Amazon have partnered with several third-party organisations, including government agencies, non-profit organisations and independent laboratories, who each independently verify products and then update Amazon with details of what products qualify for the scheme. These organisations include some well-known names, such as Fairtrade, the Rainforest Alliance and FSC to name a few. It’s the real deal.
Amazon even came up with their own certification called Compact by Design. Essentially, something that looks the same as another product may have a more efficient design that requires less packaging and becomes more efficient to ship, qualifying it for a Compact by Design badge. Bear in mind this doesn’t take into account the sustainability of the product itself, just the packaging…
Products are then given a Climate Pledge Friendly badge that sits under the product title, and if you click on it, you can see which certification they were awarded.
How do you qualify for the scheme?
Luckily for businesses, you only need to have one sustainable aspect in your product to qualify. The catch is you have to organise it all yourself. Below are the details from Amazon’s website on how you can qualify.
There is only a select list of third-party organisations that you can work with at the moment. Unfortunately, that does end up excluding some of the big, sustainable brands from the programme…sorry Ecover!

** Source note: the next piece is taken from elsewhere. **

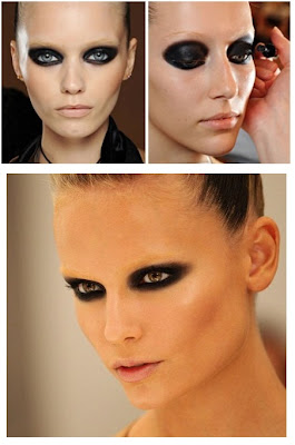 Atenção especial para a beleza do desfile, feita pela maquiadora Pat MacGrath. Esse olho preto foi sensacional! A pálpebra superior com sombra preta bem forte e esfumada, chegando até perto das sobrancelhas, que estavam um pouco mais apagadas e os lábios bem pálidos.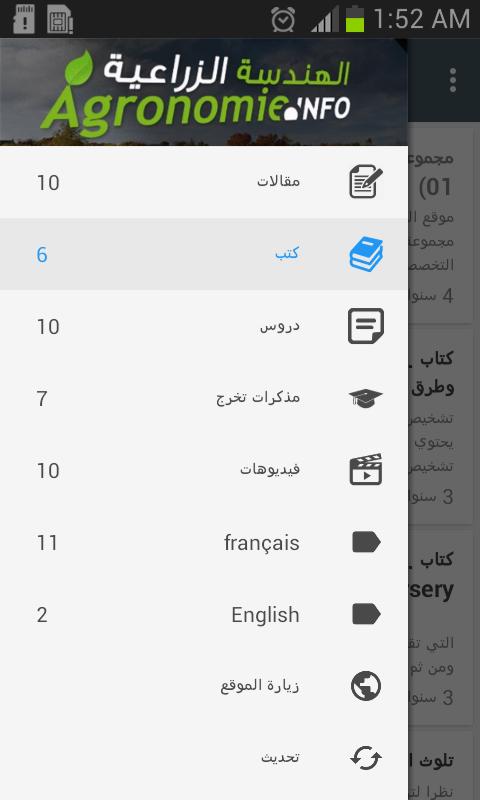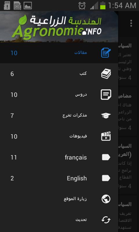 تطبيق خاص بموقع الهندسة الزراعية الذي تم اطلاقه في سنة 2015 ليصبح اكبر موقع عربي في مجال الزراعة باحتوائه على مكتبه ضخمة تضم الكثير من الدروس الكتب ومذكرات التخرج بالإضافة الى فيديوهات ومقالات في مجال الزراعة.

There are even some products on the list that are less eco-friendly than others, for example, disposable batteries. They meet requirements based on greenhouse gas emissions, yet there are hundreds of more environmentally-friendly rechargeable batteries that aren’t in the scheme.
Similarly, there are many products in the Climate Pledge Friendly section that feature Amazon’s own Compact by Design qualification, regardless of whether the product itself is sustainable. This is a little misleading for customers who are trying to make the effort to shop in a more environmentally-friendly way. It all seems a bit backwards in coming forwards at times…
Has the scheme been successful?
Six months after it’s launch, Which? conducted a survey and discovered that 84% of people they asked had never even heard of the initiative. For something that’s gunning for being more environmentally-friendly, why doesn’t everybody know about it? Shouldn’t they be shouting it from the rooftops? It’s quite an important topic, especially in today’s society, and surely it’s an initiative to be proud of.
It’s actually a great idea, but once again, the execution has its flaws. Not enough customers seem to know about it for a start. If Amazon partnered with more qualifying organisations, or even just included the recycling badge as one of the qualifiers, it would open up a wealth of products that could be included. Over 12 million products are sold on Amazon right now. In October this year, Amazon had just 200,000 products listed on the Climate Pledge Friendly programme.
Now you know about the programme, is it something you might consider shopping on? Or perhaps seeing if your products can qualify for the badge? In the end, every little helps.